The model architecture is composed of three sequential sections: 1) a convolutional network with dual linear and nonlinear paths, 2) residual dilated convolution layers, 3) spatial basis function transformation and output layers. A detailed specification of the model is available in Supplementary File 6 and in the code repository (https://github.com/FunctionLab/sei-framework, downloadable from https://doi.org/10.5281/zenodo.4906996). In the convolutional architecture, we introduced a new design composed of both linear and nonlinear convolution blocks. The nonlinear blocks are composed of convolution layers, batch normalization layers and rectified linear activation functions (ReLU), similar to regular convolutional networks. The linear blocks have the same structure as the nonlinear blocks but do not include activation functions to facilitate learning of linear dependencies. Each nonlinear block is stacked on top of a linear block with a residual connection adding the input of the nonlinear block to the output, allowing the computation to go through either the linear or nonlinear path. Dilated convolutional layers with residual connections further expands the receptive fields without reducing spatial resolution. Finally, spatial basis functions are used to reduce dimensionality of the spatial dimension while preserving the capability to discriminate spatial patterns of sequence representations.

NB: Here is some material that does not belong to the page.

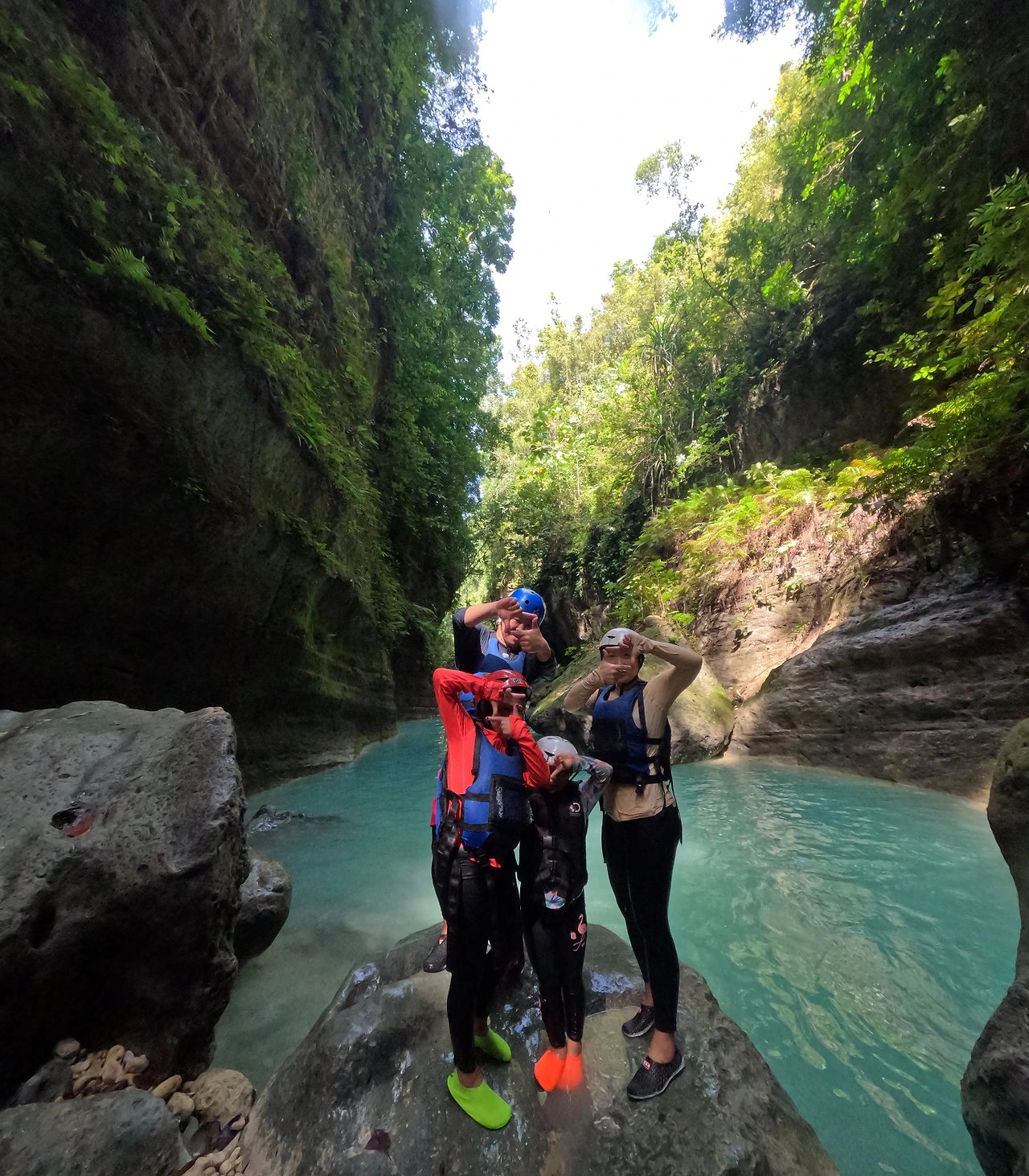 나는 고소공포증이 있는지라 절벽에서 과연 뛸 수 있을까, 못 뛰면 다른 길로 돌아가야 하지 않을까, 정 안되면 안 뛰어야지 생각하고 갔다. 그런데 가와산 캐녀닝은 가이드가 무조건 멱사리 잡고 끌고 가는 시스템이었다. 안 뛰고 돌아가고 그런 게 일절 불가능. 안 되면 가이드한테 안겨서라도 점프해야 한다.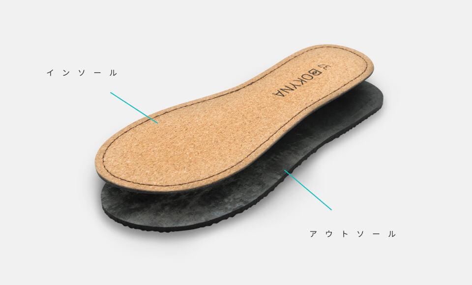 コルクの細胞構造ならではの弾力性で、足にかかる衝撃を吸収。断熱性にも優れているので、熱い地面も安心して歩けます。

Specifically, in the Sei model, a B-spline basis matrix (256×16) with 16 degrees-of-freedom across 256 uniformly-spaced spatial bins is generated and multiplied with the convolutional layers output to reduce the 256 spatial dimensions to 16 spline basis function dimensions. After the spline basis function transformation, a fully-connected layer and an output layer are used for integrating information across the whole sequence and generating the final 21,907-dimensional predictions.
Training, validation, and testing datasets are specified by different sets of chromosomes in the hg38 genome (holding out chromosome 8 and 9 for the test set and chromosome 10 for the validation set), and samples drawn uniformly across the hg38 genome for these partitions, excluding regions specified in the ENCODE blacklist41. For training, we sampled training sequences and their labels on-the-fly from the training set of chromosomes using Selene42. As a result, almost all training samples are drawn from unique genomic intervals with distinct start and end positions to reduce overfitting during the training process. For each 4kb region, a 21,907-dimensional binary label vector is created for the 21,907 cis-regulatory profiles based on whether the center basepair overlaps with a peak in each of the profiles. The model is implemented in PyTorch and trained with Selene. A detailed training configuration file is available at https://github.com/FunctionLab/sei-framework/blob/main/train/train.yml.
Model performance
We computed the AUROC and AUPRC for all cis-regulatory profiles predicted by Sei on the test holdout dataset, excluding profiles that had fewer than 25 positive samples in the test set. Additionally, to assess the correlation structure of the predictions, we compared the rank-transformed pairwise Spearman’s rank correlations for the predicted cis-regulatory profiles to the pairwise correlations for the true labels (peak calls provided in Cistrome DB).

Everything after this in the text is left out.